EXERCISE INSTRUCTIONS: The full listing, word for word and free of images, is the expected result.

RECORD SET:
|---|
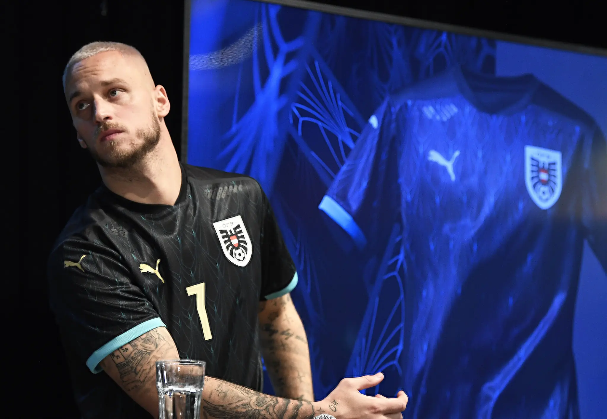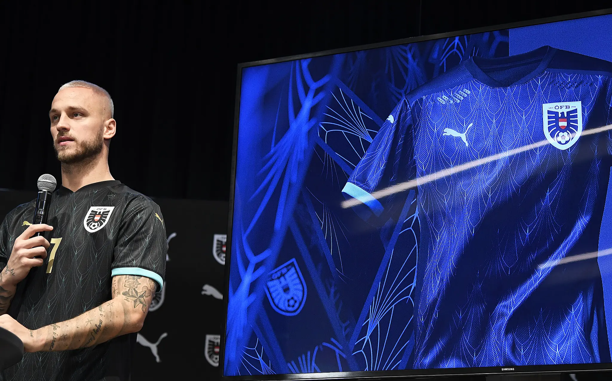 Präsentiert wurde das Trikot von Marko Arnautovic, der die Bühne mit den Worten "I woa scho immer a schena Bua" betrat. Danach meinte der ÖFB-Star: "Mir gefällt es sehr gut, es hilft uns aber nicht weiter beim Spielen. Wir schauen sehr schön aus, aber wir müssen auch sehr gut Fußball spielen." Anlässlich der Trikotpräsentation wurde auch die Vertragsverlängerung zwischen dem ÖFB und Puma bekanntgegeben. Der Sportartikelhersteller steigt damit zu einem der vier Premiumpartner des Verbandes auf, über die Laufzeit des Kontraktes wurden keine Angaben gemacht. Puma ist seit 45 Jahren Ausrüster des Nationalteams.
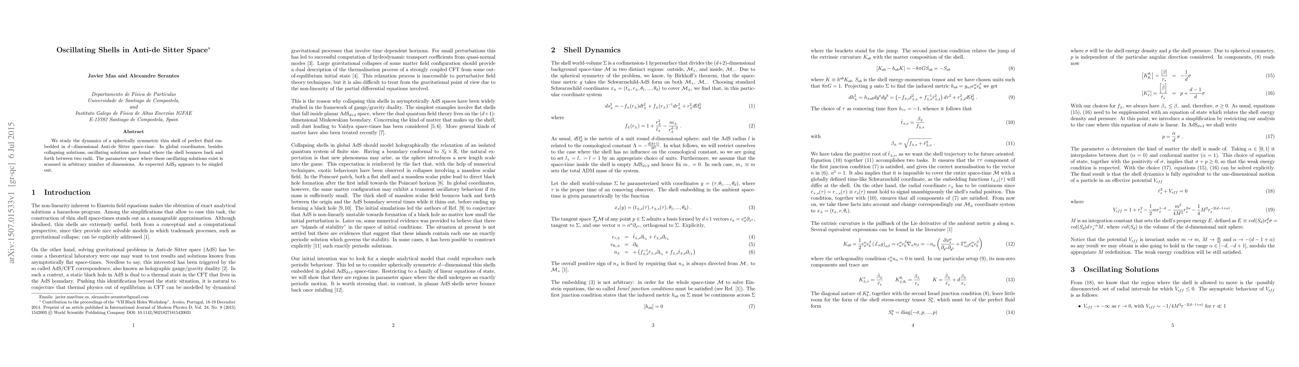 We study the dynamics of a spherically symmetric thin shell of perfect fluid embedded in d-dimensional Anti-de Sitter space-time. In global coordinates, besides collapsing solutions, oscillating solutions are found where the shell bounces back and forth between two radii. The parameter space where these oscillating solutions exist is scanned in arbitrary number of dimensions. As expected AdS3 appears to be singled out.
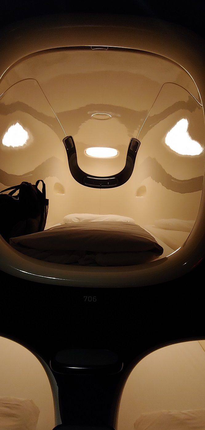 Токио - это уже само по себе необычный опыт ) Такие кабинки - это что-то из фантастических фильмов про космические перелёты, уж слишком плотно расположены и тесно. Интересно, они в Азии полноразмерные или под китайца?
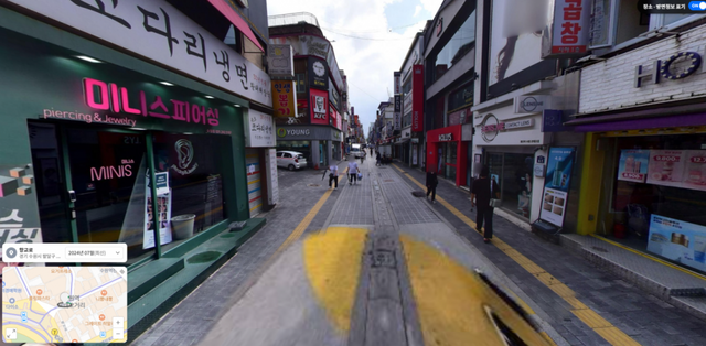 거리뷰 버튼을 누르면 지도 위 거리들이 위와 같이 활성화 되는데
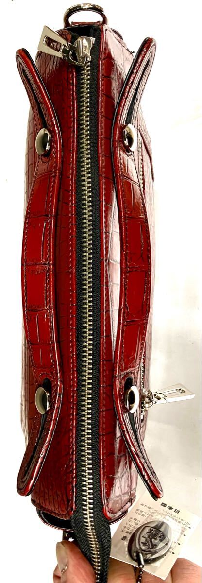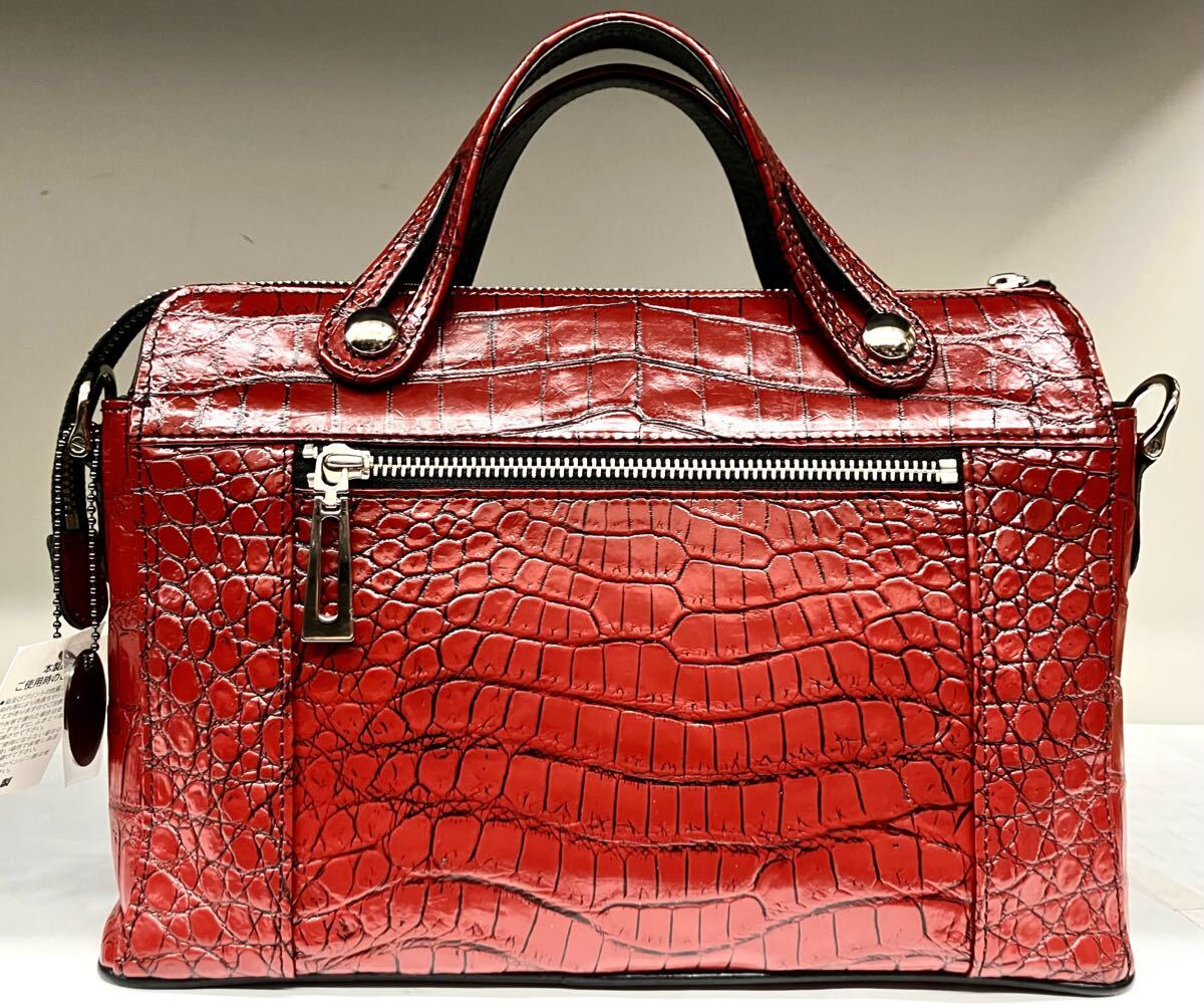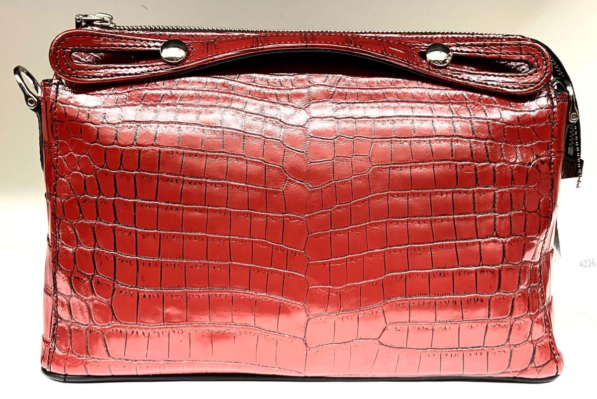 イザワの店頭でも人気のあるクロコダイルのセカンド、手提げ、ショルダーバックになる
|---|
RESPONSE AREA:
 Präsentiert wurde das Trikot von Marko Arnautovic, der die Bühne mit den Worten "I woa scho immer a schena Bua" betrat. Danach meinte der ÖFB-Star: "Mir gefällt es sehr gut, es hilft uns aber nicht weiter beim Spielen. Wir schauen sehr schön aus, aber wir müssen auch sehr gut Fußball spielen." Anlässlich der Trikotpräsentation wurde auch die Vertragsverlängerung zwischen dem ÖFB und Puma bekanntgegeben. Der Sportartikelhersteller steigt damit zu einem der vier Premiumpartner des Verbandes auf, über die Laufzeit des Kontraktes wurden keine Angaben gemacht. Puma ist seit 45 Jahren Ausrüster des Nationalteams.
 We study the dynamics of a spherically symmetric thin shell of perfect fluid embedded in d-dimensional Anti-de Sitter space-time. In global coordinates, besides collapsing solutions, oscillating solutions are found where the shell bounces back and forth between two radii. The parameter space where these oscillating solutions exist is scanned in arbitrary number of dimensions. As expected AdS3 appears to be singled out.
 Токио - это уже само по себе необычный опыт ) Такие кабинки - это что-то из фантастических фильмов про космические перелёты, уж слишком плотно расположены и тесно. Интересно, они в Азии полноразмерные или под китайца?
 거리뷰 버튼을 누르면 지도 위 거리들이 위와 같이 활성화 되는데
 イザワの店頭でも人気のあるクロコダイルのセカンド、手提げ、ショルダーバックになる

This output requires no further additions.